What to produce = Copying rule for the data below: pictures stay out, and only the lines from the one with "ボーダー柄にハートのモチーフ" down to the one with "Borden Fete Borden", inclusive, are repeated exactly.

Dataset entries =

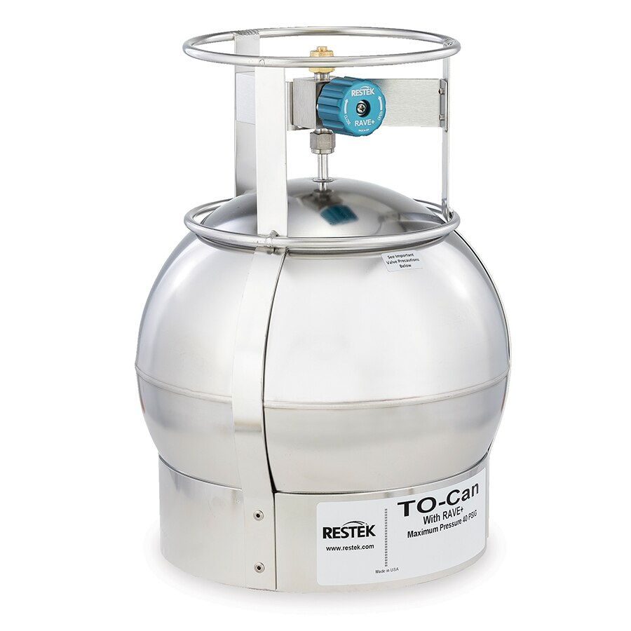 U.S. EPA Methods TO-14A and TO-15A regulate the collection, storage, and analysis of volatile organic compounds (VOCs) using treated air sampling canisters. Restek offers a complete line of TO-Can canisters (SUMMA can equivalent) electropolished using a proprietary process and extensively cleaned using an ultrasonic method. This ensures a high-quality, passivated surface that maintains the stability of TO-14A/TO-15/TO-15A compounds during storage. A frame surrounds the electropolished canister, eliminating the need for weld marks on the sphere, thereby preventing active sites on the canister. The high-performance valve supports the excellent quality of the canister.
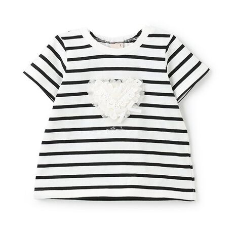 ボーダー柄にハートのモチーフがとても可愛いです。生地感もサラリとしていて良いです。
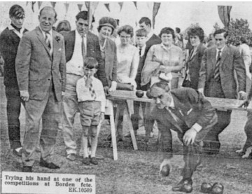 Borden Fete Borden Village Fete Borden Village Fete Maypole Dancers Borden Fete Maypole Dancers Borden Fete Newspaper Clipping Borden Fete Newspaper Clipping Borden Fete Newspaper Clipping Borden Fete Further images of Borden Fete – courtesy of Malcolm Valentin Borden Fete : Opened by Mrs Lisbeth Valentin ‘Guard of Honour’ by the R E band ?Chatham Borden Fete – SFV (John Valentin) Bowling for the pig (one year he won!) (from EKG photos) (note the dreadful hat!!) Father’s pride and joy, the Austin Princess
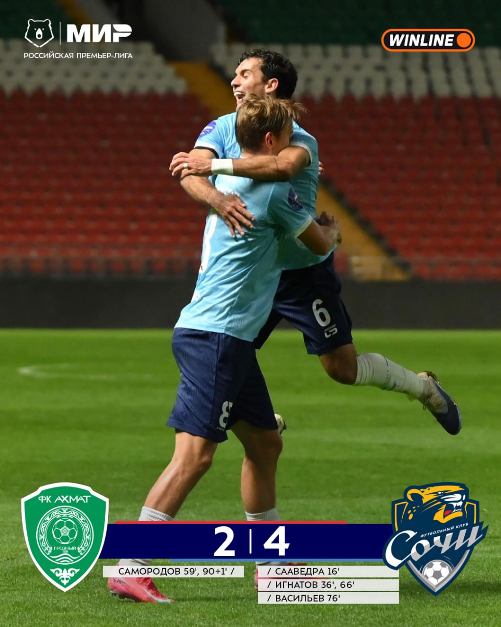 Для «Сочи» 13-й тур точно счастливый — победа в Грозном и подъём по таблице 👻
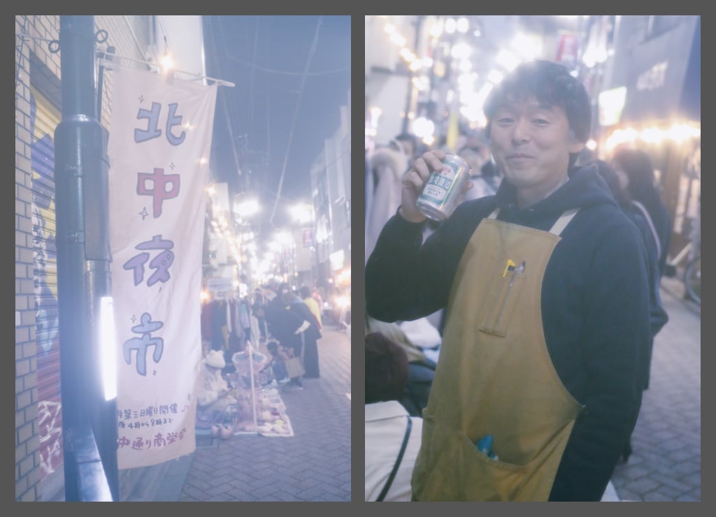 「すごいねー、なんだか違う街に来たみたい」とすれ違い様に聞こえたのは、高円寺駅の北口に位置する商店街通り、北中通りだ。この通りでは、毎月第三日曜日の16時から「北中夜市」と称する路上フリーマーケットが継続的に開催されている。大きくはない商店街通りだが、手作りのアクセサリーや古着、古物、ローカルフードなどを販売する40店舗が軒を連ね、大変な賑わいを見せている。特筆すべきは、商店街でのフリマであるにもかかわらず、出店者・来場者ともにファッショナブルな若年層が多いこと。また、出店枠を募れば若者から応募が殺到し、すぐ枠が埋まってしまうほど人気を集めている。
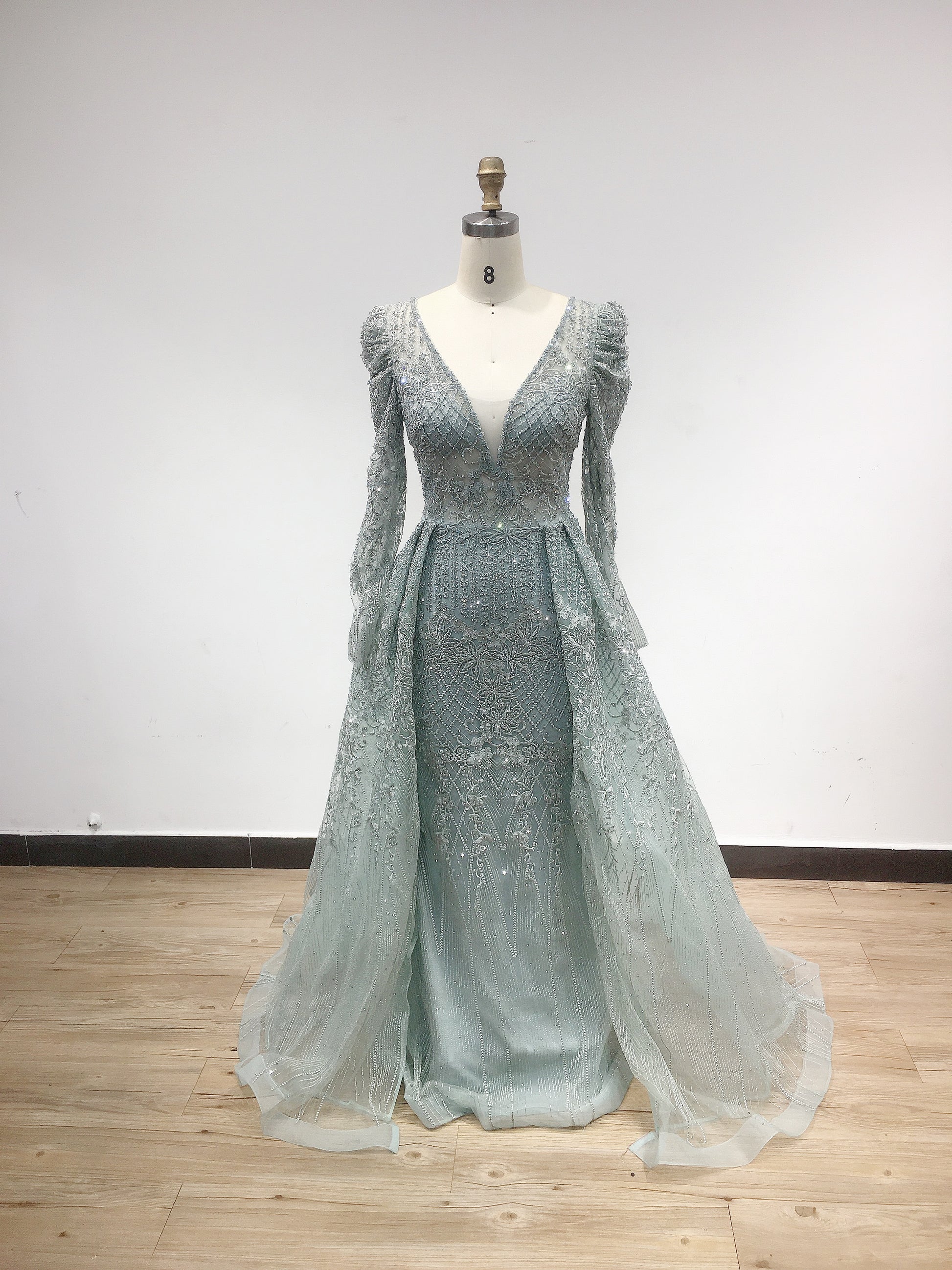 Elegant V Neckline Long Sleeve Plus Size Lace Evening Dress DSTL5823
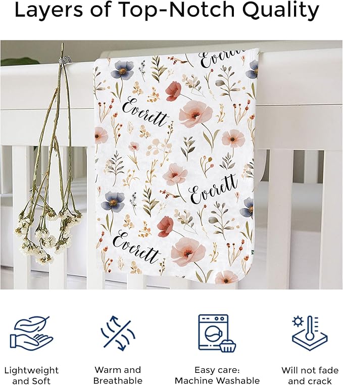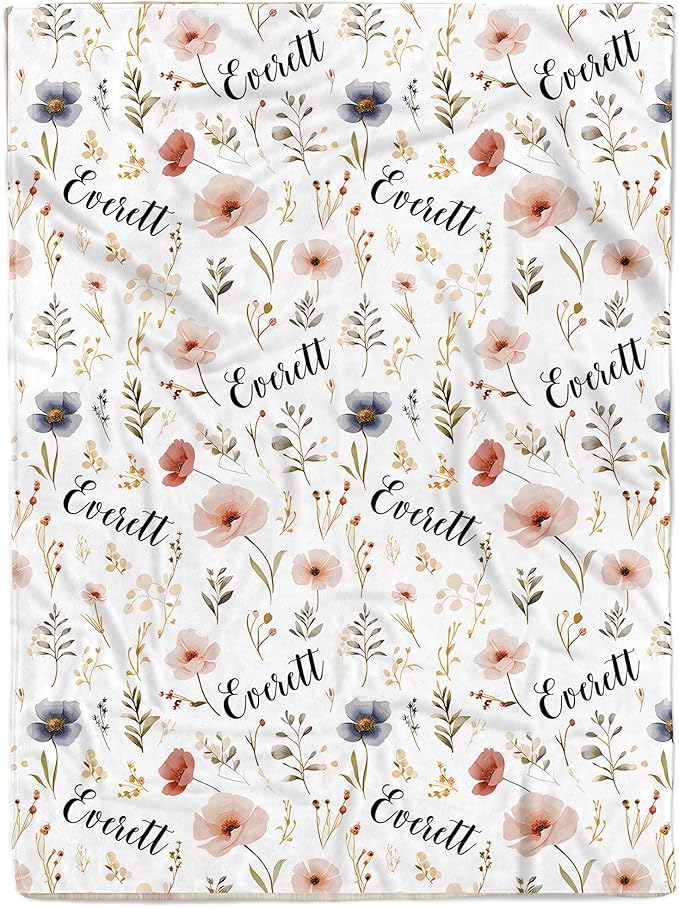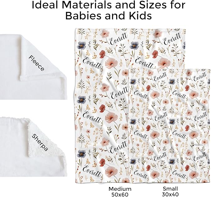 Custom Baby Blankets for Boys, Customized Baby Boy Gifts with Name, Personalized Baby Blankets, Soft Plush Fleece (Wildflower TM14)

Result of this task =
 ボーダー柄にハートのモチーフがとても可愛いです。生地感もサラリとしていて良いです。
 Borden Fete Borden Village Fete Borden Village Fete Maypole Dancers Borden Fete Maypole Dancers Borden Fete Newspaper Clipping Borden Fete Newspaper Clipping Borden Fete Newspaper Clipping Borden Fete Further images of Borden Fete – courtesy of Malcolm Valentin Borden Fete : Opened by Mrs Lisbeth Valentin ‘Guard of Honour’ by the R E band ?Chatham Borden Fete – SFV (John Valentin) Bowling for the pig (one year he won!) (from EKG photos) (note the dreadful hat!!) Father’s pride and joy, the Austin Princess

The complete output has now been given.